Rohrbruch finden – durch Hilfe Folgeschäden vermeiden

Es tropft von der Decke, ein dunkler Fleck zeichnet sich an der Wand ab oder eine Pfütze bildet sich auf dem Fußboden? Die Leitung hat Druckverlust und die Wasseruhr läuft ohne Pause? Die Anzeichen für einen Rohrbruch sind vielfältig, die Folgen aber immer ärgerlich für die Betroffenen. Umso wichtiger ist es, schnelle und unkomplizierte Hilfe einzuleiten, um Folgeschäden zu vermeiden.

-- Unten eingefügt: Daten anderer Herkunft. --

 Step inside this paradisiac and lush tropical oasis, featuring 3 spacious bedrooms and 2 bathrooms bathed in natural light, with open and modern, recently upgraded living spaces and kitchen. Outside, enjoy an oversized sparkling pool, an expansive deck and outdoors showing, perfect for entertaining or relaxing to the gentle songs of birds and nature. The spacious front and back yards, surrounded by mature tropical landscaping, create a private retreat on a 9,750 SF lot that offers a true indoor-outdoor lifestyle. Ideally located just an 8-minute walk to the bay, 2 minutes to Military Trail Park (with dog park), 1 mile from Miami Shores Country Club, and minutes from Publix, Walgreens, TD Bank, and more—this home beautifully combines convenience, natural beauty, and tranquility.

Was können Sie selber tun?

Die ersten Schritte zur Schadensminimierung können Sie selber einleiten. Dazu zählt:

  • Immer zuerst den Hauptwasserhahn zudrehen, um einen weiteren Wasseraustritt zu verhindern.
  • Wenn es von der Decke tropft, fragen Sie beim Obermieter nach und bitten Sie ihn ggf. das Wasser abzustellen. Wasser lässt sich darüber hinaus durch Handtücher vorübergehend an einer Ausbreitung hindern.
  • Schalten Sie alle elektronischen Geräte aus und decken Sie die Möbel ab.
  • Wenn Sie die Situation nicht in den Griff bekommen, rufen Sie die Feuerwehr!

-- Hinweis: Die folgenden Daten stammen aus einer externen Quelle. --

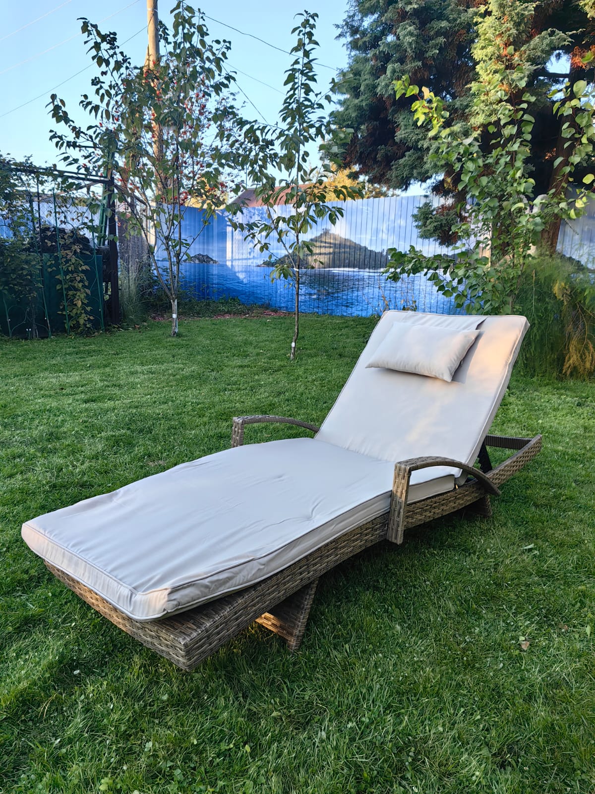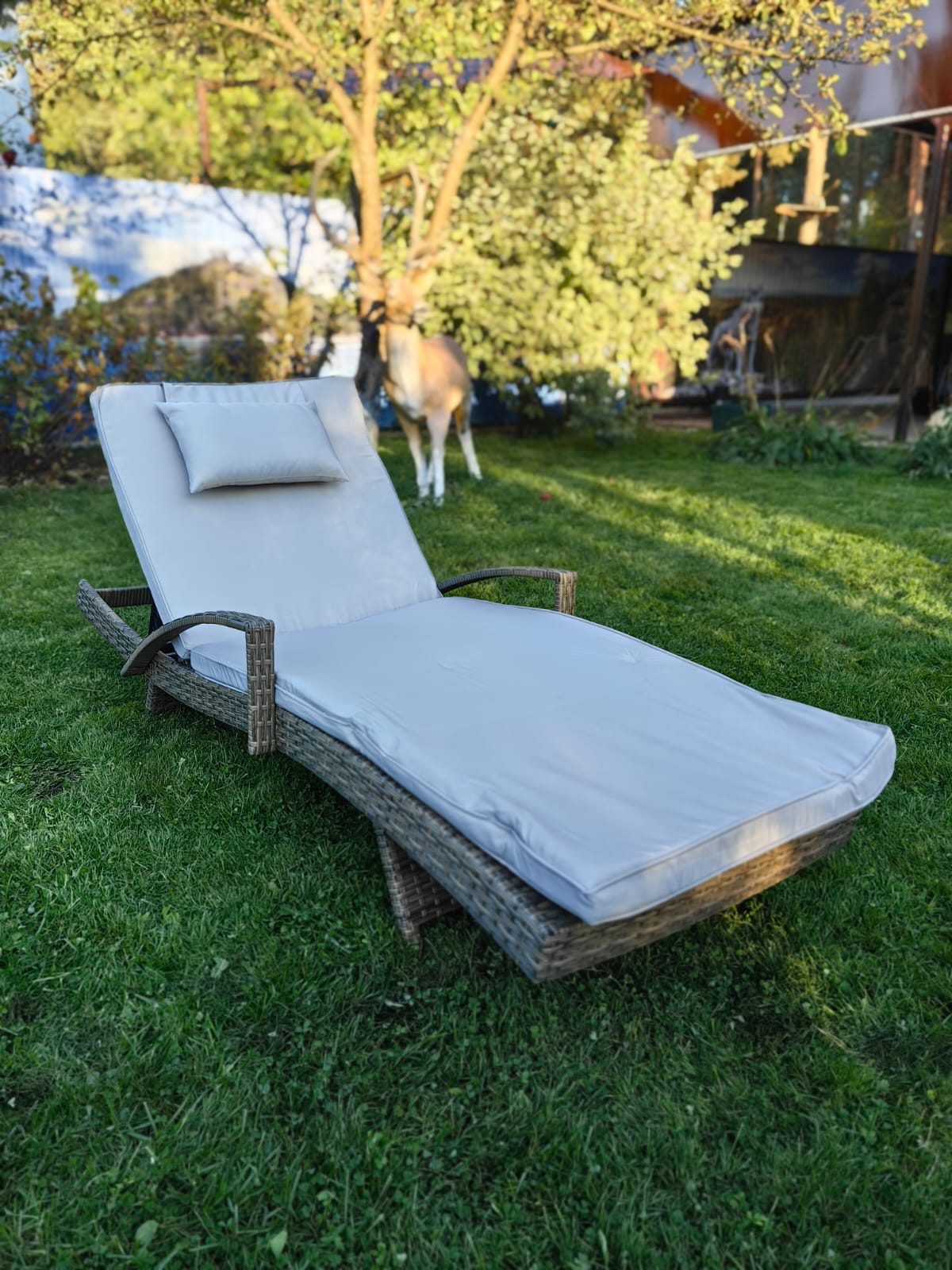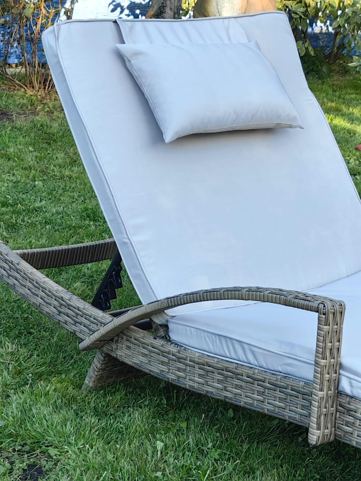 Плетеный шезлонг МАРА «MARA» с матрасом — Greige , изготовленный из стального каркаса с порошковым покрытием и ручным плетением из искусственного ротанга имеет 4-е положения регулировки подголовника.

Als Mieter sollten Sie darüber hinaus umgehend Ihre Hausverwaltung informieren. Denn wenn sich der Rohrbruch an einem Hauptwasserstrang befindet, können weitere Wohnungen betroffen sein. Die Verwaltung kümmert sich auch um die Einleitung der Reparaturmaßnahmen.

Rohrbruch

Die Lokalisierung: Den Rohrbruch finden

Ist das Wasser abgestellt, gilt es, die Leckstelle beim Rohrbruch zu finden. Diese ist nicht immer auf den ersten Blick zu erkennen, denn Wasserleitungen sind nur in den seltensten Fällen sichtbar: Sie verschwinden gut verputzt hinter der Wand oder im Abseits der Dachgeschosse. Ist die Schadensursache zum Beispiel auf Frostschäden, Alterserscheinungen oder Materialfehler zurückzuführen, muss die Leckstelle keinesfalls dort sein, wo das Wasser an die Oberfläche tritt.

Um ein großflächiges Aufstemmen des Fußbodens oder ein Aufklopfen der Wände zu vermeiden, empfiehlt sich die Durchführung einer professionellen Leckortung. Die Feuchteklinik® bietet hier bei Rohrbrüchen einen 24-h-Notdienst an.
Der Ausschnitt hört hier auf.